Meanwhile, in the free software world...

https://docs.google.com/presentation/d/1ySTZaXP5XKFg0OpmHZM0...

https://github.com/behdad/harfbuzz/blob/master/test/shaping/...

(Harfbuzz is the default text layout engine for Linux GUI frameworks: Qt, GTK, etc)


This talk at Google by Roozbeh Pournader is very good at laying out the issues with bidirectional language issues in software. This is a non-trivial problem and is rarely ever solved correctly.

https://www.youtube.com/watch?v=wOEzYefrqo4


And not so ironically, Behdad Esfahbod, one of the original developers of HarfBuzz, works for Google now, according to his blurb on Github.

https://github.com/behdad

I actually emailed him a few times before I discovered mlterm to read Arabic and other RTL fonts in a terminal (you might ask why: file names and I use mutt for email). Very nice guy, and I am very appreciative of this library.

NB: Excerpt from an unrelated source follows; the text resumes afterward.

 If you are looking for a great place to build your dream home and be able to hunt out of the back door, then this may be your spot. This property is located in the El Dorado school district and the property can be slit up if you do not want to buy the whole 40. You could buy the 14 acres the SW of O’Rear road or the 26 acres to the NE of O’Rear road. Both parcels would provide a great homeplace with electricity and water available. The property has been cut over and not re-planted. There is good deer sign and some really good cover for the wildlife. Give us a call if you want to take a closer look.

That was an amazing article, and a great insight into middle eastern scripts in the digital world.

It doesn't look like it'll get out of the new queue, but I wanted to thank OP for sharing it anyway.

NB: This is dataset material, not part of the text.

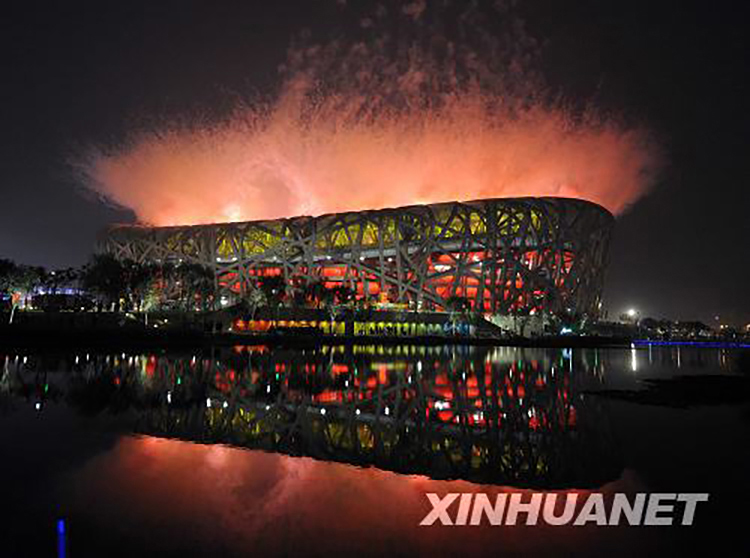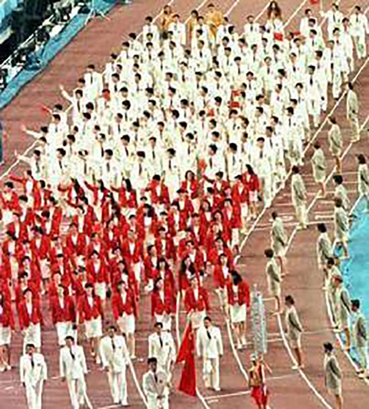 1988年汉城奥运会开幕式上,圣火与五环旗相映生辉

Pro tip: Mughul India is not the Middle East, and neither is Pakistan or Iran.

There are arabic derived scripts at least as far east as China and the Philippines (jawi), but describing them as Middle Eastern is plain wrong - just as you would not describe Balinese or Cambodian as Indus Valley.


The article talks about two arabic scripts. Saying "Middle eastern" is more inclusive than saying "arabic" and while it does not include pakistan, it does almost reach it. Kind of like when we talk about Europe and increase the reach a bit more. Or when you say "the United States" when you really mean north america (a much worse offender since you talk about a country). This was my logic when writing it.

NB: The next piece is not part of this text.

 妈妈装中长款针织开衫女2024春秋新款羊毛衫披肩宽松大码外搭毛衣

I'm not a history expert. I would love a history lesson but you seem like a very poor teacher, "picking" on people who just try to be nice. I did not know this article was going to be on the frontpage as I said in my original comment - I caught it at 2 points. Had I known my comment was going to go through a seven-way review by a wide variety of experts, I'd have just said "non-latin scripts" to be on the safe side. (/s)

Sorry for the rant - People correcting each others where correction does not at all matter bothers me to no end. It feels like a sneaky and thoroughly annoying way of flashing your "I know THINGS!" credentials.


You seem to be admitting mistake, complaining about being corrected, and dismissing the process all at once. But I'm sure you learned something :)


According to Wikipedia, Iran is in the Middle East.

http://en.wikipedia.org/wiki/Middle_East#Traditional_definit...


In modern times things are very vague. For example, according to Wikipedia, it's also part of Central Asia https://en.wikipedia.org/wiki/Central_Asia and even South Asia https://en.wikipedia.org/wiki/South_asia


> There are arabic derived scripts at least as far east as China and the Philippines (jawi), but describing them as Middle Eastern is plain wrong

Is it, though?

I'd describe the Roman script as European (since it originated in Europe) without expecting to be corrected, even though the vast majority of people who use it live outside Europe.


Would you describe a page of written Vietnamese or Hanyu Pinyin as European? That's a fairer comparison to the author's turn of phrase.


I would describe the scripts they're written in as European. The languages themselves aren't, obviously.


You seem to be trying very hard to look very smart, yet you (probably purposefully) seem to be missing the point of everyone you reply to. That is not really making you look "smart".


Sad. I remember as a kid, growing up in Kashmir, I took special pride in my Urdu calligraphy skills. Writing each sentence was like an art project.


BTW. I published this piece in fall of last year. Long before it came on Hacker News, it had been passed around the Pakistani and Indian Twittersphere, and no one there was saying that we should let tech companies off the hook for not offering a) the full alphabet and b) the right script. It was, actually, the Pakistanis and Indians that made this article what it was. When I wrote it, I honestly thought I was just some eccentric who was annoyed for very personal reasons. Even as we speak the piece is being retweeted by professors and students at LUMS, in Lahore, and universities in Islamabad.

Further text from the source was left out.